Client mode is nearly the same as cluster mode except that the Spark driver remains on the client machine i.e. the machine where that submitted the application. This means that the client machine is responsible for maintaining the Spark driver process, and the cluster manager maintains the executor processes.

RDD

RDDs are low-level API and they were the primary API in the Spark 1.x series and are still available in 2.x, but they are not commonly used. However, all spark code you run whether DataFrames or Datasets compiles down to an RDD.

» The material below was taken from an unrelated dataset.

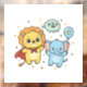 Autocollant Pour Fenêtre Dessin animé de lion et d'éléphant amis super-héro

RDD stands for Resilient Distributed Dataset. It is a fundamental data structure of Spark and is immutable, partitioned collection of records that can be operated on in parallel.

DataFrame:

DataFrames are a table like collections with well-defined rows and columns. Each column must have the same number of rows as all other columns and each column has type information that must be consisted for every row in the collection. To Spark, DataFrame represents immutable lazy evaluated plans that specify what operations to apply to data residing at a location to generate some output. When we perform an action on a DataFrame, we instruct Spark to perform actual transformations and return results.

Dataset:

Datasets are a foundational type of Structured APIs. DataFrames are Datasets of type Row.

Datasets are like DataFrames, but Datasets are strictly JVM( Java Virtual Machine) language-specific feature that works with only Java and Scala. We can also say Datasets are ‘ strongly typed immutable collection of objects that are mapped to the relational schema’ in Spark.

RDD :

You should generally use RDD in 3 situations.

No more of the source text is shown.